Yin He cannot stand tour groups. The 29-year-old Beijinger has traveled to 20 different countries in the past few years, but she insists on doing so under her own steam.
“I don’t want to get up early every morning and follow a bunch of people around places in a rush,” she says. “I prefer to decide things in the moment and enjoy the freedom I don’t have when working. Plus, my English is good enough to communicate and solve problems by myself when I’m traveling.”
Chinese millennials like Yin promise to reshape the global tourism industry. Unlike their parents’ generation, who preferred to travel abroad on Chinese-organized tour groups, today’s young Chinese are independent, individualistic and willing to try more adventurous vacations.
This shift is opening up huge new opportunities for travel and tourism operators worldwide. They can now advertise directly to China’s 400 million children of the 1980s and 1990s, who often book their next trip online and on impulse.

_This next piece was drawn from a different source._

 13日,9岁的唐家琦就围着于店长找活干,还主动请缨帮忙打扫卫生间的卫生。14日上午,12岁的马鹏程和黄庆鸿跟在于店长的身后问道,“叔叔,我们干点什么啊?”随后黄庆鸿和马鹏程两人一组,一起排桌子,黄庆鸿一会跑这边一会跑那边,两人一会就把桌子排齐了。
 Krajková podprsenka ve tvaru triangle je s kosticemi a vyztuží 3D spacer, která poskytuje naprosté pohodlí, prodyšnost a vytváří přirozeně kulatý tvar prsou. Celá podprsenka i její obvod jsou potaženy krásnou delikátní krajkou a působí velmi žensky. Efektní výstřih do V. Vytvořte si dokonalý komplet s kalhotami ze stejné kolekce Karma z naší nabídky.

For operators able to target this group, the rewards can be spectacular. Chinese millennials already make more overseas trips than all American tourists combined. They also spend more: tourists from China splurged $261 billion on international travel in 2016, the United Nations World Tourism Organization estimates, far higher than the $122 billion spent by tourists from the United States. But businesses looking to appeal to Chinese millennials need to understand what sets them apart.
It is difficult to overstate the generation gap between Chinese millennials and their elders. Today’s young Chinese feel so different to their parents, who mainly grew up under Mao Zedong, that 74% say they have more in common with millennials in other countries than with older people in China, according to research firm JWT Intelligence’s Meet the BRIC Millennials report.
Like many young people in the West, China’s millennials see travel as essential to their lifestyle. Young Chinese typically spend 35% of their income on overseas trips, according to Hotels.com’s 2017 China International Travel Monitor report, even more than their Asian counterparts. Despite accounting for under one-third of China’s population, millennials make up two-thirds of Chinese outbound tourists.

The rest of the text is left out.